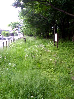本日の活動は、伸び出した散策路の草刈りと、その作業場所のゴミ拾い。それに、緑地の看板を作る者とに分かれて作業をしました。 |
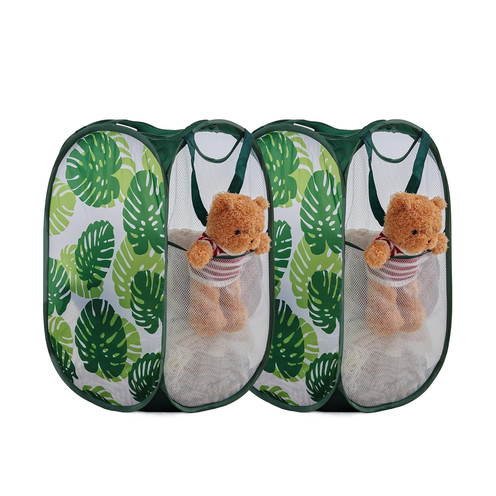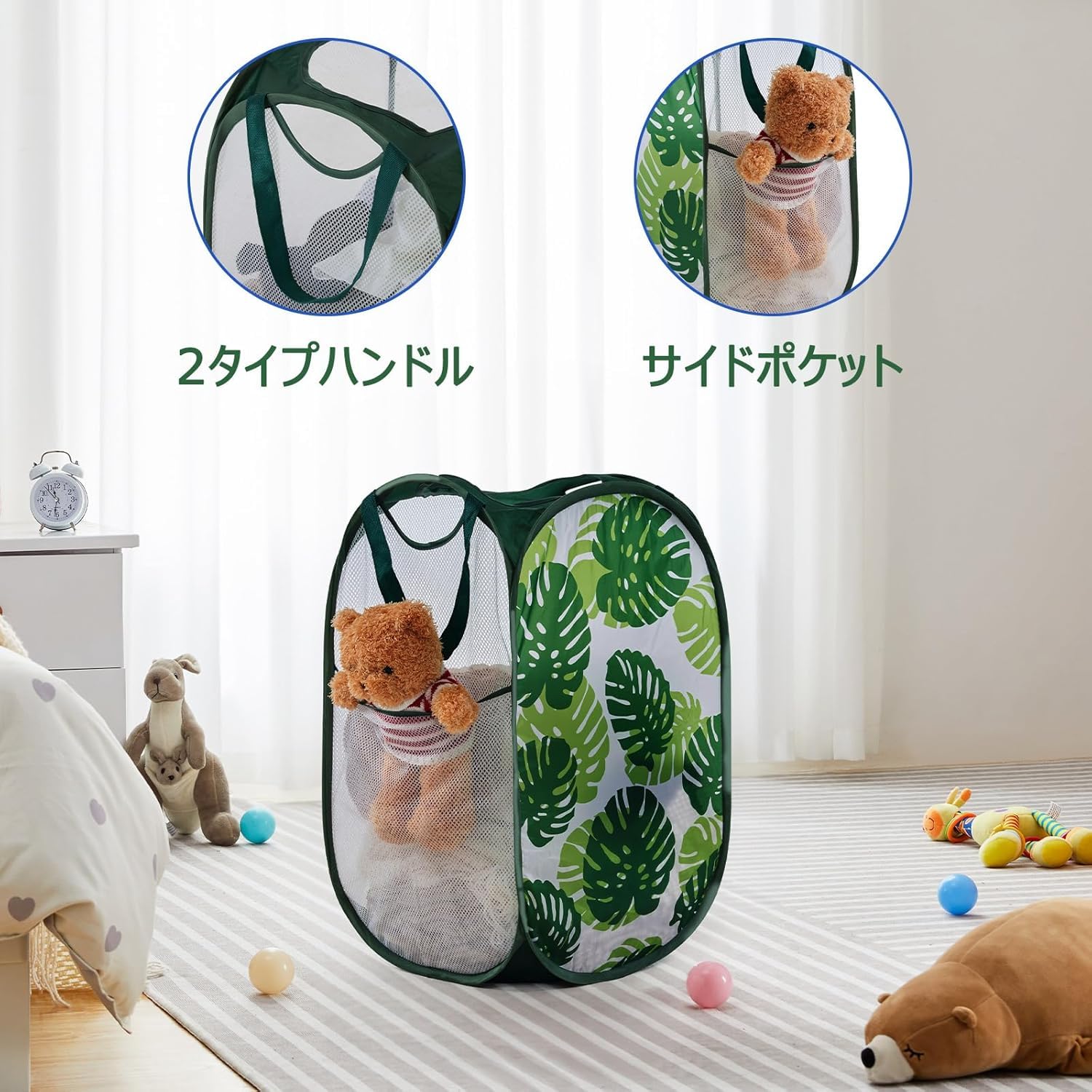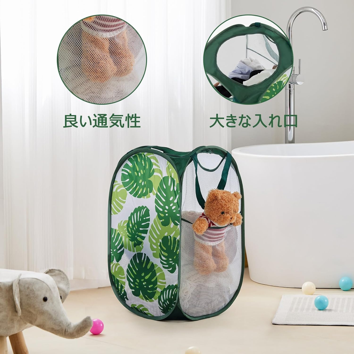 TECHMILLY ランドリーバスケット 折りたたみ 洗濯カゴ 大容量 71L メッシュ 省スペース 取っ手付き ランドリーバッグ 収納 洗濯物 袋 かご 持ち運び可能 軽量 旅行 ゴミ箱 (グリーンリーフ、2PCS)
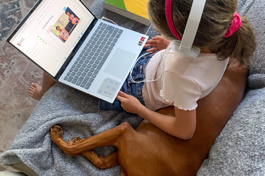 Ease. The kids can log in on their own and get started. Nicole teaches the lesson, then they flip to the corelating workbook pages and complete their work. If a concept is confusing, we simple stop where we are and practice until it’s understood.
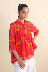 Bold & bright floral printed top with band collar and pleats detailing at the shoulders with gathers at the back.
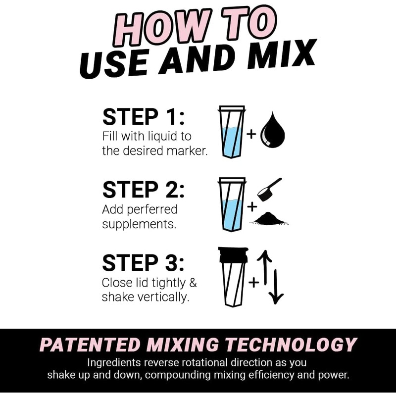 Helimix Shaker Bottle: A gym essential for every workout. No need for a shaker ball or whisk, just shake and blend for a perfect protein shake. Great for pre workout, post workout and intra workout supplements.

--- Work required ---
Print only the lines from the first line of the data above through the one containing "Bold & bright", exactly as they are, with pictures omitted.

--- Expected output ---
本日の活動は、伸び出した散策路の草刈りと、その作業場所のゴミ拾い。それに、緑地の看板を作る者とに分かれて作業をしました。 |
 TECHMILLY ランドリーバスケット 折りたたみ 洗濯カゴ 大容量 71L メッシュ 省スペース 取っ手付き ランドリーバッグ 収納 洗濯物 袋 かご 持ち運び可能 軽量 旅行 ゴミ箱 (グリーンリーフ、2PCS)
 Ease. The kids can log in on their own and get started. Nicole teaches the lesson, then they flip to the corelating workbook pages and complete their work. If a concept is confusing, we simple stop where we are and practice until it’s understood.
 Bold & bright floral printed top with band collar and pleats detailing at the shoulders with gathers at the back.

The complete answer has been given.